Work instruction: Which lines run from the line with "BMI vaterpas H35" through the line with "Rodaja restante plátano;" in the entries below? Print them exactly, both ends included, and nothing more.

Records for processing:
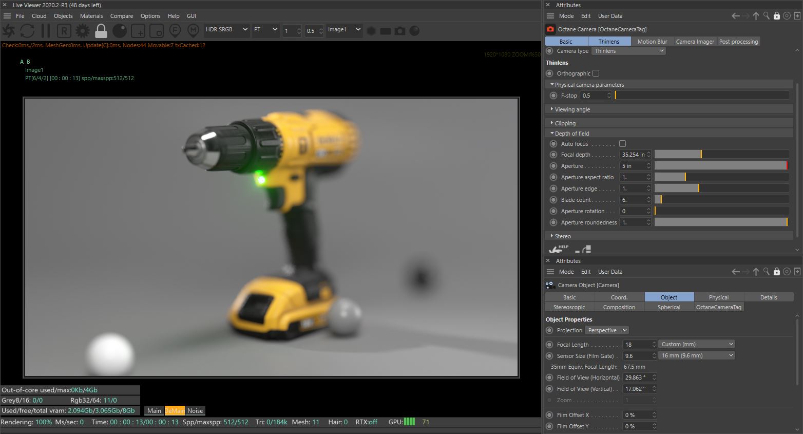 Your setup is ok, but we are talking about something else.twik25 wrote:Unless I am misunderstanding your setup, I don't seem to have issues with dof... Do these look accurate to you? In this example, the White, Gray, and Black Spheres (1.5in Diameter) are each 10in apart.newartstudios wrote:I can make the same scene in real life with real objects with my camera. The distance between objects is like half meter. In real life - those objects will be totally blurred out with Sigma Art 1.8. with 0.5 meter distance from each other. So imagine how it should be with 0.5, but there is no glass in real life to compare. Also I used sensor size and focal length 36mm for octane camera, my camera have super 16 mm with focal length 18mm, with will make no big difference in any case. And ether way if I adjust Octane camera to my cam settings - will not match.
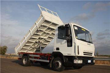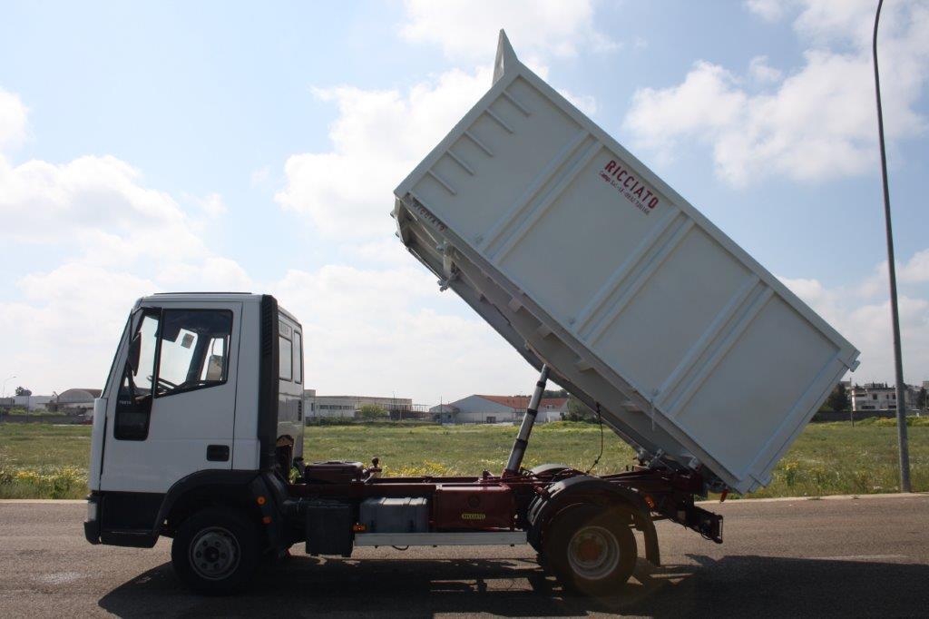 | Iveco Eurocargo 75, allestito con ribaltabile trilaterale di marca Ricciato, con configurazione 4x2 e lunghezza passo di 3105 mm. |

* * *

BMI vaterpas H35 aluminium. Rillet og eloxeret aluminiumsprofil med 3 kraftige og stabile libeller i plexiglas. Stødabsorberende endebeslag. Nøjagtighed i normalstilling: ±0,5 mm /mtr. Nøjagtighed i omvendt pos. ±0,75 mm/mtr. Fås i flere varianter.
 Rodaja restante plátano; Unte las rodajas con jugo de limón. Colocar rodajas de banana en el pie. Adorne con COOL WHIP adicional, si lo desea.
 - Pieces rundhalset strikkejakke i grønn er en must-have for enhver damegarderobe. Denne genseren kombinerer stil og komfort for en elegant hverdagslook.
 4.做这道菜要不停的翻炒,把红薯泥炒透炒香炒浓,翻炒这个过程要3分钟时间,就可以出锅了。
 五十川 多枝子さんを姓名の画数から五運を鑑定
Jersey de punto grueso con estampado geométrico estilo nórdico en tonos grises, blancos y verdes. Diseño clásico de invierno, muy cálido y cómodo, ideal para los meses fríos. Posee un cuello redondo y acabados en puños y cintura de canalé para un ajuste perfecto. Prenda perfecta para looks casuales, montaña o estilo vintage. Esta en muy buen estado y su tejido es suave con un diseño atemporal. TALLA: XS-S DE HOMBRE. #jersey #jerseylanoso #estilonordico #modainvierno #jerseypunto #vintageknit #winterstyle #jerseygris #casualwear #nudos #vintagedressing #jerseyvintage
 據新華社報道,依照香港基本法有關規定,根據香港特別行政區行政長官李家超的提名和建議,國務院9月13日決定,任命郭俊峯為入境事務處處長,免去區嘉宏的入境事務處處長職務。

Task result:
BMI vaterpas H35 aluminium. Rillet og eloxeret aluminiumsprofil med 3 kraftige og stabile libeller i plexiglas. Stødabsorberende endebeslag. Nøjagtighed i normalstilling: ±0,5 mm /mtr. Nøjagtighed i omvendt pos. ±0,75 mm/mtr. Fås i flere varianter.
 Rodaja restante plátano; Unte las rodajas con jugo de limón. Colocar rodajas de banana en el pie. Adorne con COOL WHIP adicional, si lo desea.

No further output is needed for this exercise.